For our readers outside the US, CBS has traditionally broadcast only four sports:

  1. Golf, especially The Masters, the PGA Championship and most rights to the PGA Tour
  2. The NFL, mostly the AFC, as well as the last Super Bowl
  3. NCAA Football, especially the SEC (the Premier League of College Football conferences)
  4. The NCAA Basketball Tournament a.k.a. March Madness

The Super Bowl is on rotation between CBS, NBC, and Fox so their only consistent money-maker each year was March Madness. But starting in 2011, they began an agreement with Turner’s vast array of networks (like the oh-so-profitable TruTV) to cover other games, especially in the tournament’s first few days.

But now, CBS will get a vast array of soccer fans in the United States tuning into their networks and watching games.

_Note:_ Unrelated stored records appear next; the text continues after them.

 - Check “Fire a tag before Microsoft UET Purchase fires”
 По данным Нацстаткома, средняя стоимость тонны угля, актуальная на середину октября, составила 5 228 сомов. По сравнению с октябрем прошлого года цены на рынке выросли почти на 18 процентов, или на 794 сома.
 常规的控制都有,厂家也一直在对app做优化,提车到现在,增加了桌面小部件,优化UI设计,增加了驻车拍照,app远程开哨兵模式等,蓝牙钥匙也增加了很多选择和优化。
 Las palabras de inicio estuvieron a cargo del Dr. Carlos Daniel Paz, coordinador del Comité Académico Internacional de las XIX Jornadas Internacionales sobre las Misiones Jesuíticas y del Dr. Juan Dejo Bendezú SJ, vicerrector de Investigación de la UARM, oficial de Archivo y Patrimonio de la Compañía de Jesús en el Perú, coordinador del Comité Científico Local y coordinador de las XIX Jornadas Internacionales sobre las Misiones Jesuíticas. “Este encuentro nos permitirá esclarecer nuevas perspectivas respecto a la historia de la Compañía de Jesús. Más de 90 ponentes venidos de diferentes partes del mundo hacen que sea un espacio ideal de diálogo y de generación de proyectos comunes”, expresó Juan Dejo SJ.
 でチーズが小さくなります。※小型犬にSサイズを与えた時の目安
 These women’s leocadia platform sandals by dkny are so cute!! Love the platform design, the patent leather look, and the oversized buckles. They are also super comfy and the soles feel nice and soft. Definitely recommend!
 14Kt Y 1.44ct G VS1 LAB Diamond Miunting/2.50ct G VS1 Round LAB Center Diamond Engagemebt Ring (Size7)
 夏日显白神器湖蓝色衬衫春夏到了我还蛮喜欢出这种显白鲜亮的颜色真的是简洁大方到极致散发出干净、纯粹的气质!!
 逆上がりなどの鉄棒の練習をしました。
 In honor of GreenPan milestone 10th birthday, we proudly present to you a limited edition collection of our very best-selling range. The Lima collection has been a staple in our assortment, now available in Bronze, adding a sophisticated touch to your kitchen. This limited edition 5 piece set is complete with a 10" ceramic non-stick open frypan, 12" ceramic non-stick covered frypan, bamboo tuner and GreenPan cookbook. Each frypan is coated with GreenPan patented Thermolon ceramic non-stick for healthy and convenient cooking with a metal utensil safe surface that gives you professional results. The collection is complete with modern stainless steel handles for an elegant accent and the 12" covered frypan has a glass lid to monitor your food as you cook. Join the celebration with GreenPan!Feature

There are pros and cons to this deal, like all deals

Pros

  • IT’S NOT ON TURNER ANYMORE!!!!!!!!!!
  • We now have a fourth network in America (after ESPN, NBC, and Fox) that cares about soccer in the US, which can’t be bad
  • CBS has the ability to broadcast more games by adding a second channel, giving viewers better access

Cons

  • The network has no experience broadcasting soccer in the modern game. This means they will have to hire a whole slew of personnel, broadcasters, hosts, etc. This cannot be overstated. American sports networks have tried and failed in the past to have their typical broadcast teams call soccer, leaving bad impressions on everyone. If CBS wants to please the dedicated core following who will watch this, they must take these measures.
  • Outside of main broadcasting, CBS’s core product is online. Their sports news show, CBS Sports HQ is broadcast live, online, 24/7 for free. It has not been well received by audiences, as have most of their studio shows. So if you thought Bleacher Report’s studio show was tough to stomach, we may not get a big improvement (but lets hope we do).
  • If you thought ESPN+ was bad, CBS All Access is $9.99/month.

Overall, this just seems like an odd fit to me. For an analogy, CBS calling the Champions League is like BeIN Sport calling Big 10 Football. It jars with the network’s image, and they may be out of their element.

But, unlike Turner, they have time on their side. CBS now has a little over a year and a half to get themselves organized and prepared to call the biggest competition in club soccer. Let’s hope they take the appropriate measures and get this right.